Exact copies of the lines from the start of the records through the line with "美國總統特朗普Donald Trump於" are what the answer must hold; pictures are not part of it.

(Available records Opens)

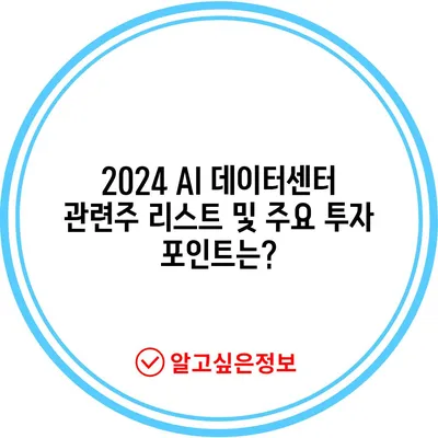 💡 2024 AI 데이터센터 관련주 투자 전략을 알아보세요. 💡
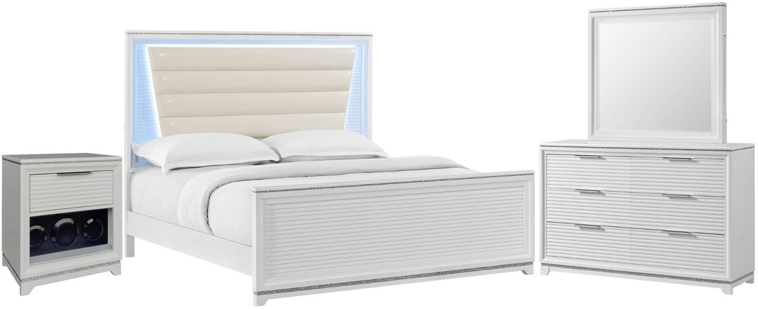 This Denmark Bedroom Set features a sleek, modern design with a king-size upholstered bed with LED lighting, a six-drawer dresser, a matching mirror and a nightstand. Finished in crisp white with textured details, this stylish set offers elegance, functionality, and ample storage for any bedroom.Read More
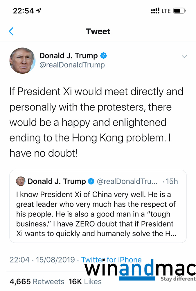 美國總統特朗普Donald Trump於數小時前才提到香港,沒想到不足24小時後繼續關心大家。他直接向中國國家主席習近平提出建議,讓他可以快速又開心地解決香港的問題。
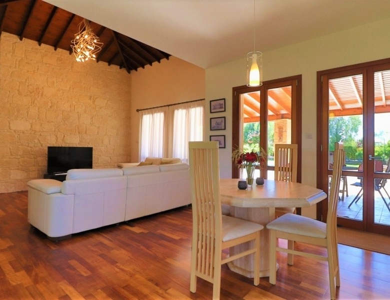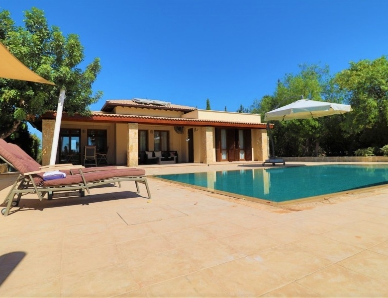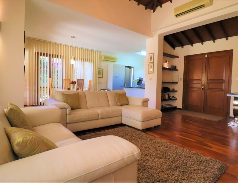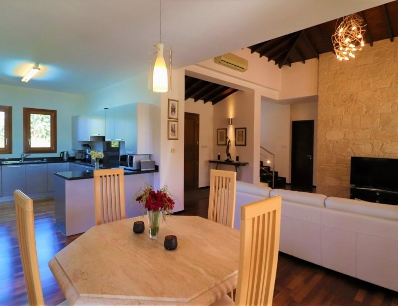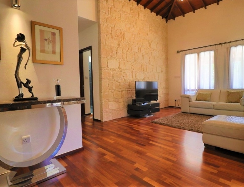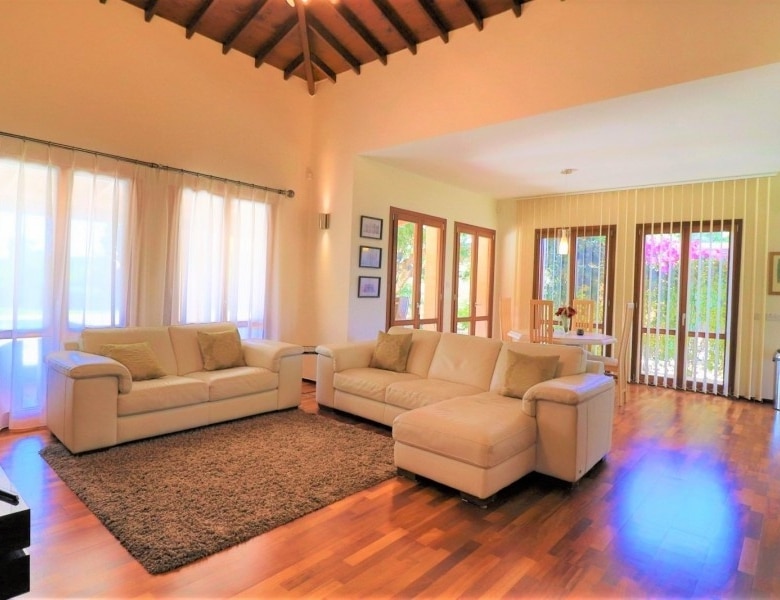 This beautifully presented luxury villa is positioned in a fabulous location, overlooking the world famous golf course on the eastern plateau of the resort. Entering the villa you are greeted with a modern, open planned living area, having full length glass doors all around giving plenty of light, with adjacent dining area and open planned modern kitchen with all the latest fitted, top of the range appliances and luxury fixtures. To the left you will find a very spacious and airy master bedroom with ultra modern luxury en-suite bathroom and beautiful fully fitted wardrobes. The ground floor also incorporates a guest toilet. Up a few steps you will find the second spacious double bedroom again with fully fitted wardrobes and luxury en-suite bathroom. Down a few steps from the living area you will find another spacious double bedroom and on the lower ground floor a further large room which can be used as the fourth bedroom and luxury en-suite bathroom. Stepping outside is quite stunning, with plenty of shaded verandas, a magnificent overflow pool, all surrounded by plush, mature trees and shrubs.
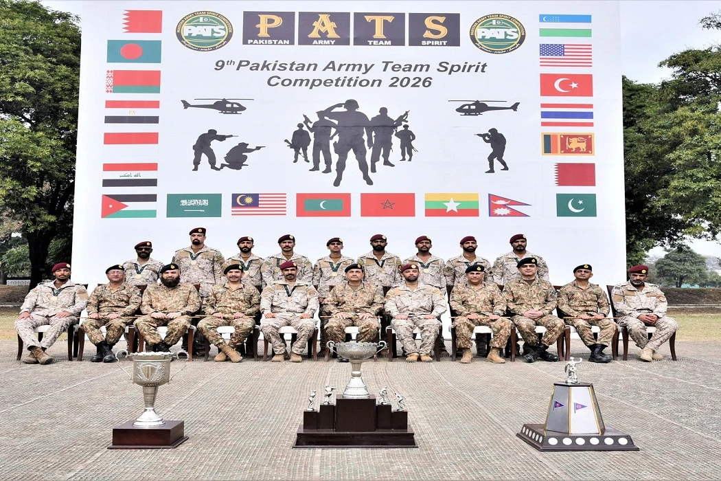 اسلام آباد (ڈیجیٹل پوسٹ) 9واں انٹرنیشنل پاکستان آرمی ٹیم اسپرٹ مقابلہ کھاریاں میں کامیابی سے اختتام پذیر ہوگیا۔ اختتامی تقریب کے مہمانِ خصوصی فیلڈ مارشل چیف آف آرمی اسٹاف اور چیف آف ڈیفنس اسٹاف سید عاصم منیرتھے پاکستان آرمی ٹیم اسپرٹ مقابلہ 60 گھنٹوں پر مشتمل ایک جامع پیٹرولنگ مشق ہے، جس کا مقصد شریک ٹیموں کے درمیان جدید عسکری خیالات، حربی تجربات اور بہترین عملی طریقوں کے تبادلے کے ذریعے پیشہ ورانہ فوجی صلاحیتوں کو فروغ دینا ہے۔ یہ مشق 5 فروری 2026 سے پنجاب کے نیم پہاڑی علاقوں میں منعقد کی گئی، جہاں شرکاء کو ایک حقیقت پسندانہ اور چیلنجنگ آپریشنل ماحول فراہم کیا گیا گزشتہ برسوں میں پاکستان آرمی ٹیم اسپرٹ ایک باوقار اور سخت مقابلے پر مبنی عسکری مشق کے طور پر ابھر چکا ہے، جو شریک ممالک کے درمیان پیشہ ورانہ مہارت، باہمی سیکھنے اور فوجی تعاون کے فروغ میں اہم کردار ادا کر رہا ہے۔ یہ فورم عسکری تعلقات کو مضبوط بنانے کے ساتھ ساتھ مشکل حالات میں باہمی اعتماد، ٹیم اسپرٹ اور بھائی چارے کو فروغ دیتا ہے۔
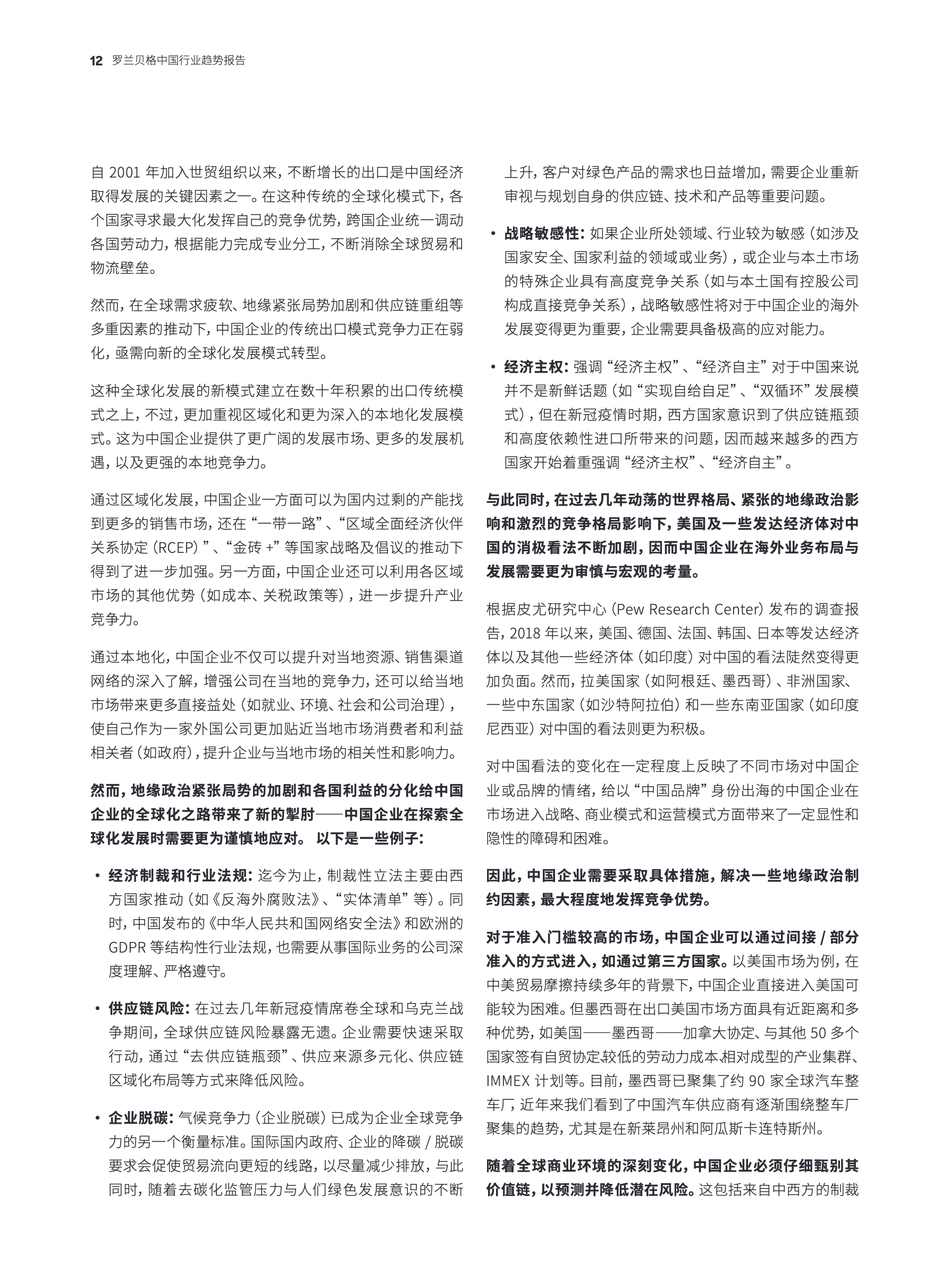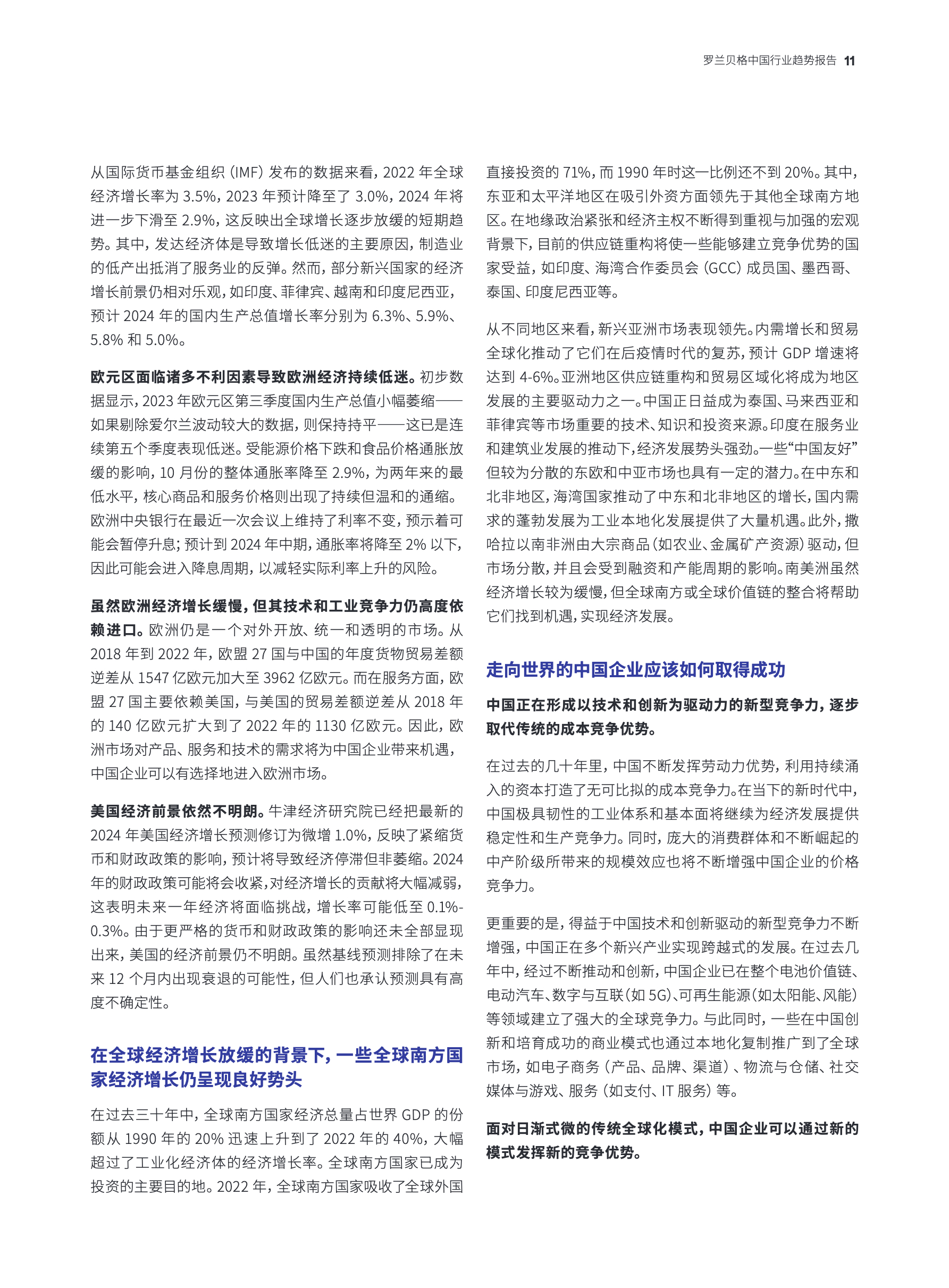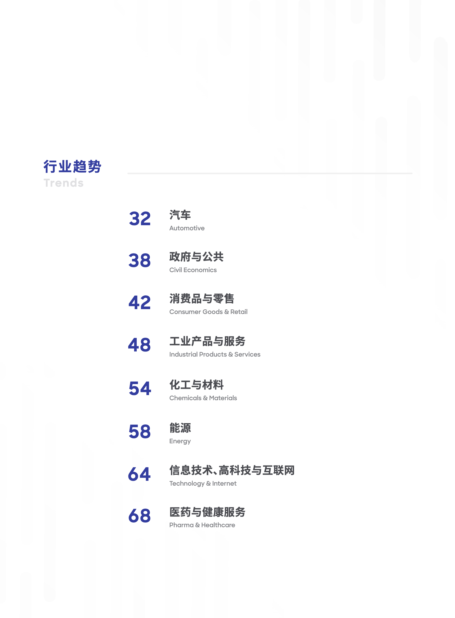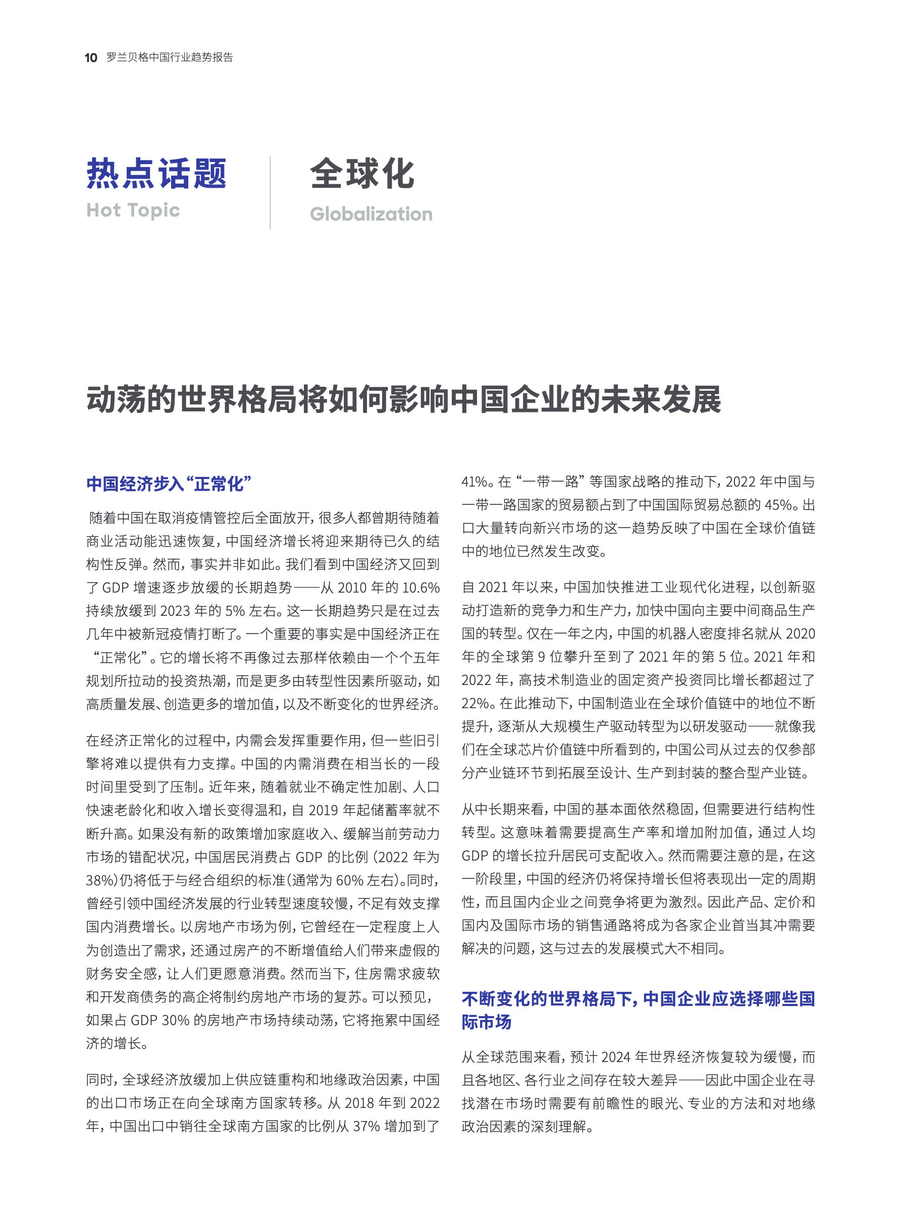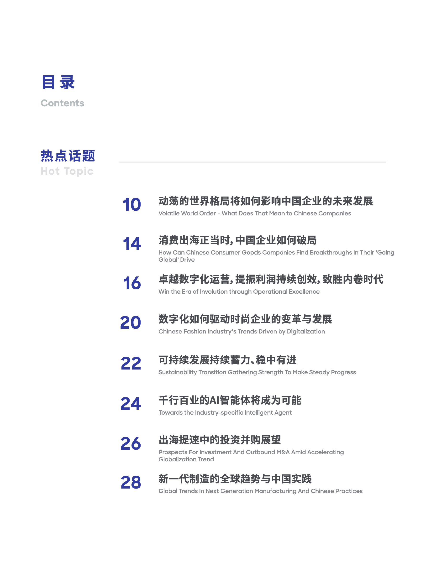 近几年总体来说,中国经济的表现不错,以强大的韧性顶住了诸多挑战。 由于中国拥有不断提高的生产率、完整的深度产业链集群和发达的基础设施,中国曾经是,现在是,以后仍将是世界工厂。广大的国内市场叠加强大的出口产业基础让中国很难被替代。 本报告将重点讨论近期热点话题及行业趋势分析,帮助广大企业更好地抓住机遇创造利润。 热点话题: 动荡的世界格局将如何影响中国企业的未来发展; 消费出海正当时,中国企业如何破局; 卓越数字化运营,提振利润持续创效,致胜内卷时代 ; 数字化如何驱动时尚企业的变革与发展; 可持续发展持续蓄力、稳中有进; 千行百业的AI智能体将成为可能; 出海提速中的投资并购展望; 新一代制造的全球趋势与中国实践;

(Available records Closes)

Written response:
 💡 2024 AI 데이터센터 관련주 투자 전략을 알아보세요. 💡
 This Denmark Bedroom Set features a sleek, modern design with a king-size upholstered bed with LED lighting, a six-drawer dresser, a matching mirror and a nightstand. Finished in crisp white with textured details, this stylish set offers elegance, functionality, and ample storage for any bedroom.Read More
 美國總統特朗普Donald Trump於數小時前才提到香港,沒想到不足24小時後繼續關心大家。他直接向中國國家主席習近平提出建議,讓他可以快速又開心地解決香港的問題。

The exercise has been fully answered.